Remember that a treating doctor’s concern is focused upon the medical health of the patient; persuading a doctor to support one’s Federal Disability Retirement application should thus focus upon the concerns of the doctor.  Persuasion must always take into account the “other’s” concerns.  That is the key to effective persuasion.

Sincerely,

Robert R. McGill, Esquire

Federal Employee Medical Retirement: The Family Doctor

One characteristic that people normally do not observe in medical doctors, is one of lack of confidence.  For, confidence, knowledge, direction, advice and assertiveness — those are the “bedside manners” which we expect from a medical doctor to whom we approach for treatment of our maladies.  

Yet, in preparing, formulating and filing a Federal Disability Retirement application under FERS or CSRS, often the “Family Doctor”, or otherwise identified as the Primary Care Physician or General Practitioner, will declare that he or she cannot make a disability determination because of being either ill-equipped, or because they do not possess the “speciality” of knowledge in making such a determination.  

Often, the doctor will rely upon a Functional Capacity Evaluation, and will insist that such an evaluation be performed prior to rendering his or her medical opinion on the matter of one’s capability, capacity, and ability to perform all of the essential elements of one’s job in preparing and formulating a medical narrative report for a Federal Disability Retirement application.  This, despite the obvious advantages already obtained in the course of many years of treatment of the Federal or Postal employee, the most important of which:  an intimate knowledge, gained through clinical examination and contact over the years, of the medical conditions of the patient, including the extent, severity and chronicity of the medical condition(s); as well as the consistency of complaints and review of radiological reports, the direct clinical contact with the patient, etc.  
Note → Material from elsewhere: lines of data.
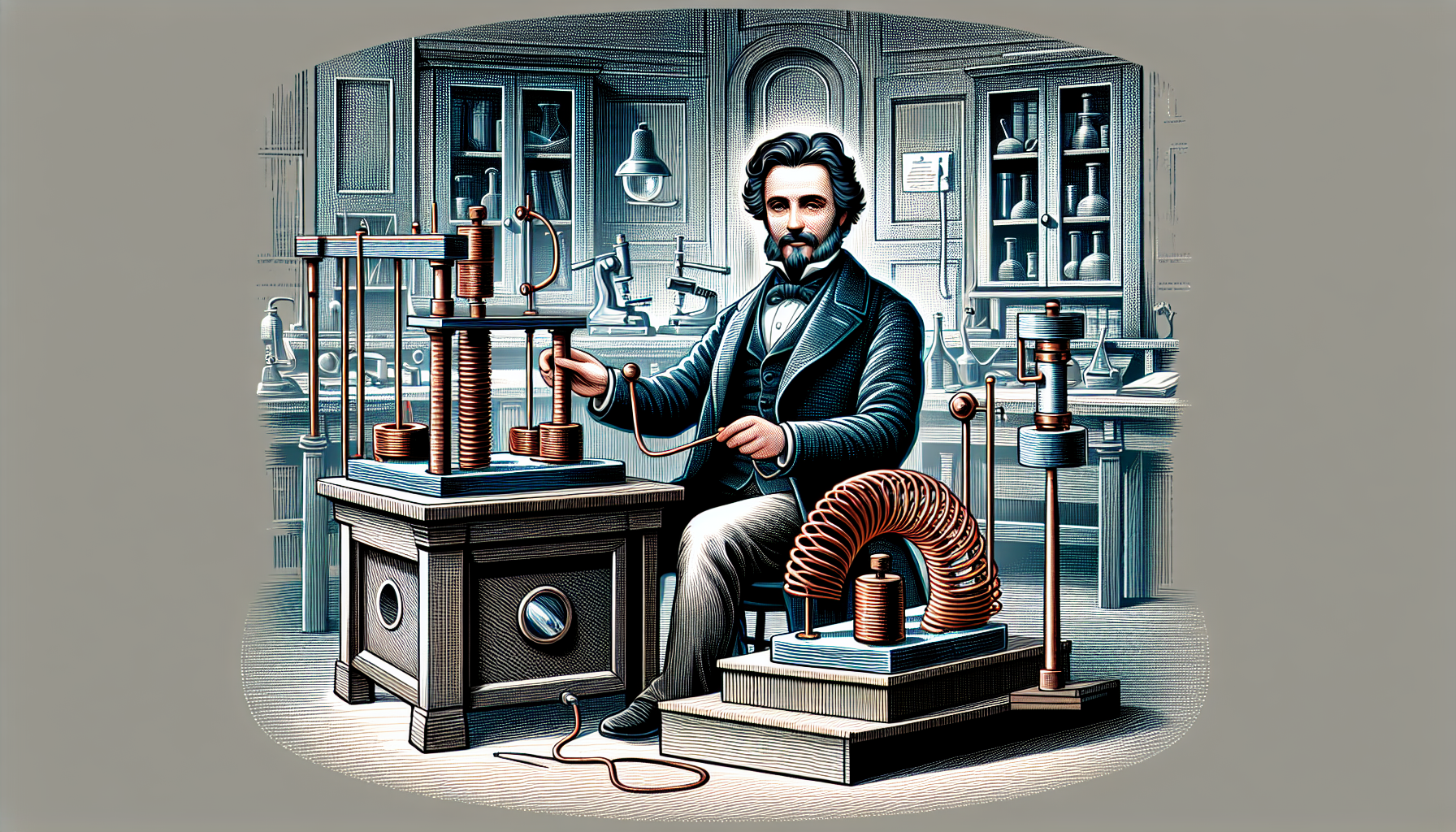 Pildil on kujutatud Faraday kuulsat eksperimenti, kus ta avastas, et muutuv magnetväli võib tekitada elektrivoolu.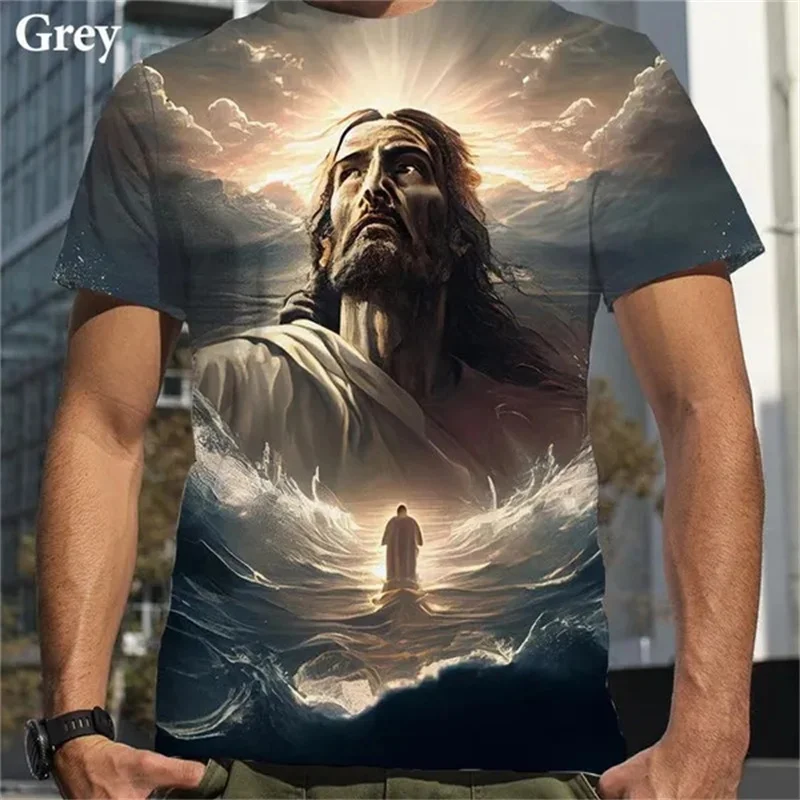 T-shirt imprimé en 3D chrétien, haut décontracté unisexe, mère de Dieu, Vierge Marie, croix de Dieu, Jésus aime tout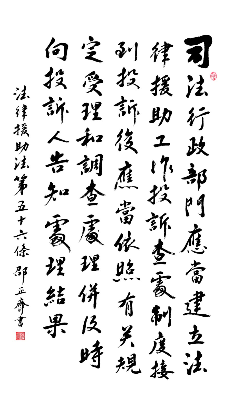 法律援助法第五十六條 司法行政部門應(yīng)當(dāng)建立法律援助工作投訴查處制度;接到投訴后,應(yīng)當(dāng)依照有關(guān)規(guī)定受理和調(diào)查處理,并及時(shí)向投訴人告知處理結(jié)果。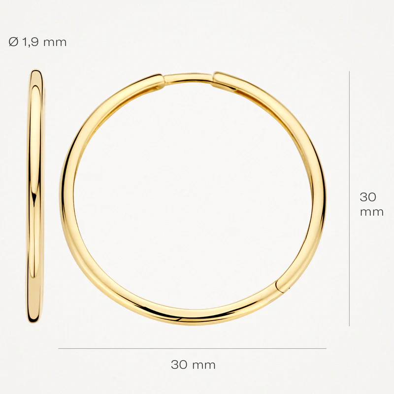 Deze klassieke, ronde, gladde oorringen van 14k geelgoud zijn een absolute must-have. Ze hebben een totale doorsnede van 30 mm en zijn voorzien van een kliksluiting. Mix en match met andere (oor)sieraden uit onze collectie.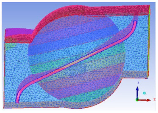 The overall model is divided using unstructured grids. The number of grids is 2,867,328. The number of grids in the overall model is too large. Due to the periodic characteristics of the rolling bearing motion, the calculation time is long for the entire rolling bearing and it is difficult to complete the numerical simulation analysis. “The calculation object is taken as 1/12 of the integral bearing model, including a rolling body”. A groove is established to induce oil into the bearing cavity for lubrication; therefore, a single-period grid model with grooved nozzles is used. In this paper, ICEM CFD (Integrated Computer Engineering and Manufacturing Computational Fluid Dynamics) methods are used to conduct gas-phase numerical simulation analysis of rolling bearings.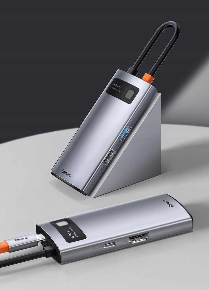 ⚡ Непрерывная миниатюризация оборудования является причиной того, что многие компьютеры, в частности, ноутбуки и позиции All-In-One имеет только 1 или 2 порта USB. Эти проблемы начинаются, когда вам нужно подключить, например, дополнительный монитор. Конечно, добраться до центра Baseus. С его помощью вы преобразуете один порт USB Type C вашего компьютера в 4 дополнительных разъема! > ⚡ Спецификация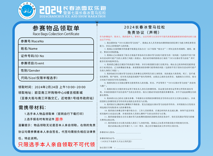 (1)2月24日申领参赛包:半马与10公里选手领取完参赛包后,请勿折叠您的号码布,本次比赛用的是一次性芯片,芯片就在号码布背面的胶条内,请勿撕毁; (2)申领参赛包请携带身份证原件,仅限本人领取,不接受代领;
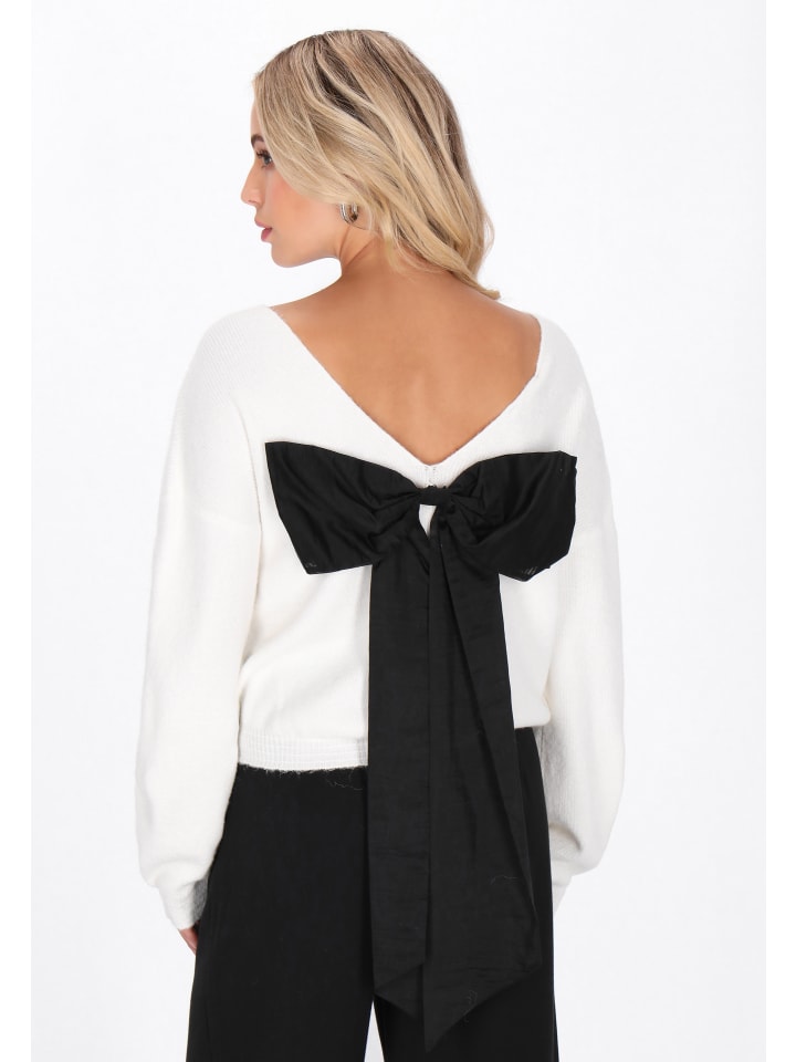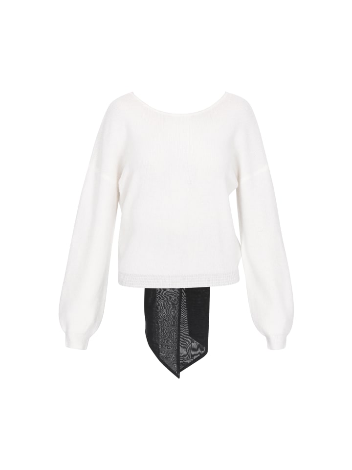 Этот свободный свитер - уникальное сочетание комфорта и женственного очарования. Изготовленный из мягкой трикотажной ткани в рубчик, он очаровывает своим простым передом и эффектной открытой спиной, украшенной бабочкой. Широкий вырез сзади, длинные рукава и спущенные плечи создают непринужденный, модный образ. Мягкий узор делает свитер идеальным дополнением к различным вещам гардероба. Идеально подходит для повседневной носки - удобный и стильный. Прекрасный выбор из коллекции Fashion Look.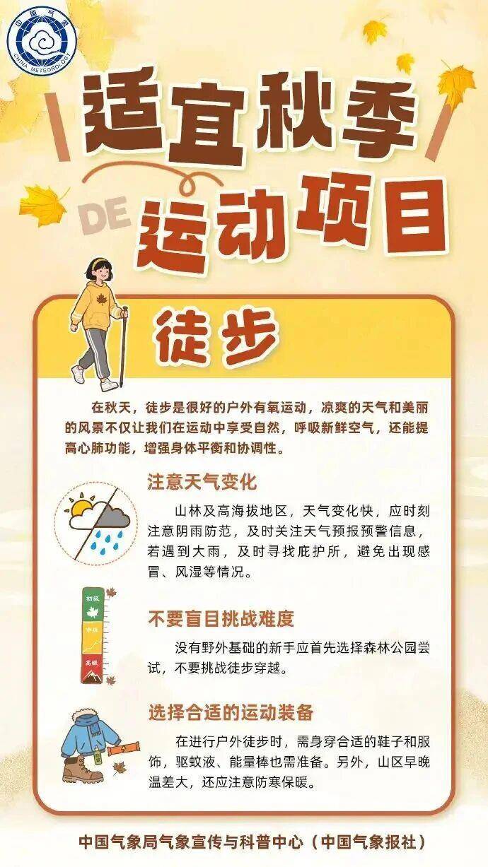 武漢市氣象局提醒,秋高氣爽的好天氣,很多人都喜歡外出登高望遠。大家登高賞秋時,注意選擇一雙舒適的鞋,還可以攜帶登山杖,以輕松愜意為主,最好選擇身體能夠接受的運動強度不宜逞強。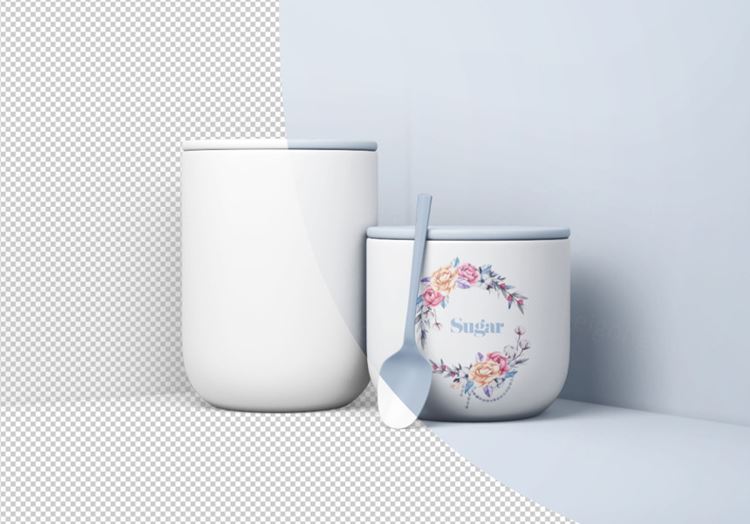 图穷联素材库 » 陶瓷杯外观设计样机模板 Minimal Jars with Spoon Mockup
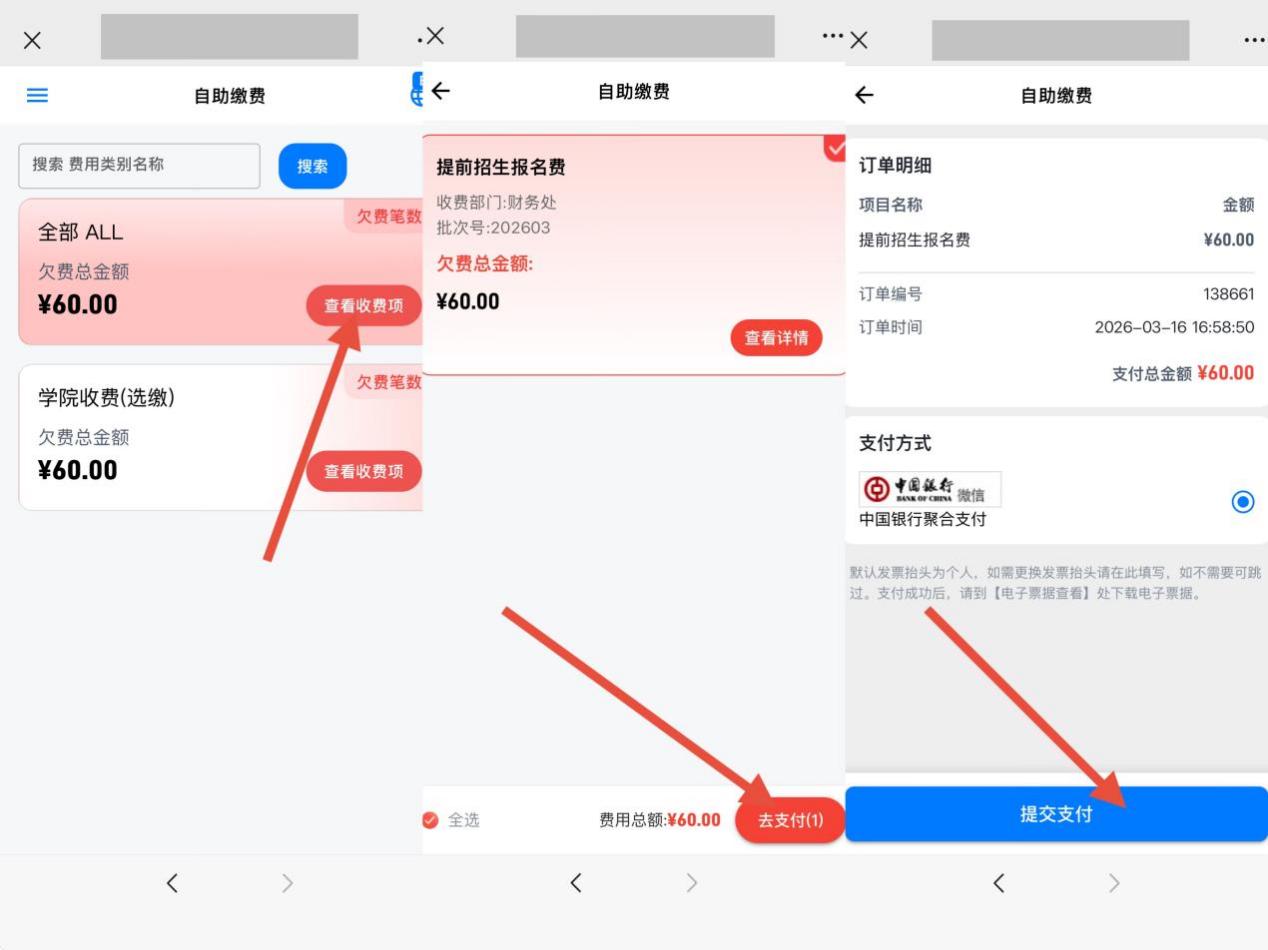 2、缴费:点击左上角的三条横线,选择自助缴费,会出现需要缴费的项目,点击对应的收费项去支付(可以选择全部缴费,也可以选择某一收费项进行缴费)、点击去支付,选择支付方式支付宝支付需要使用网页版缴费可看下面网页端缴费)、填写开票信息(默认开票信息是个人),提交支付支付完成即可。点击缴费查询可以查询到已经缴款成功的收费项。

Often, such lack of confidence is merely one of not understanding what a FERS or CSRS Disability Retirement application requires — and it is the job of either the patient or, if represented, with the assistance of the federal attorney, to clearly and concisely explain the process, the requirements, and why the family doctor is best qualified to provide a detailed medical narrative report explaining why the Federal or Postal employee is unable to perform one or more of the essential elements of one’s job.  

Marcus Welby, M.D. aside, the general practitioner is still the best source of information and proof in meeting the legal criteria in preparing, formulating and filing a Federal Disability Retirement application under either FERS or CSRS (and if you failed to understand the reference, you are much younger than the writer of this blog).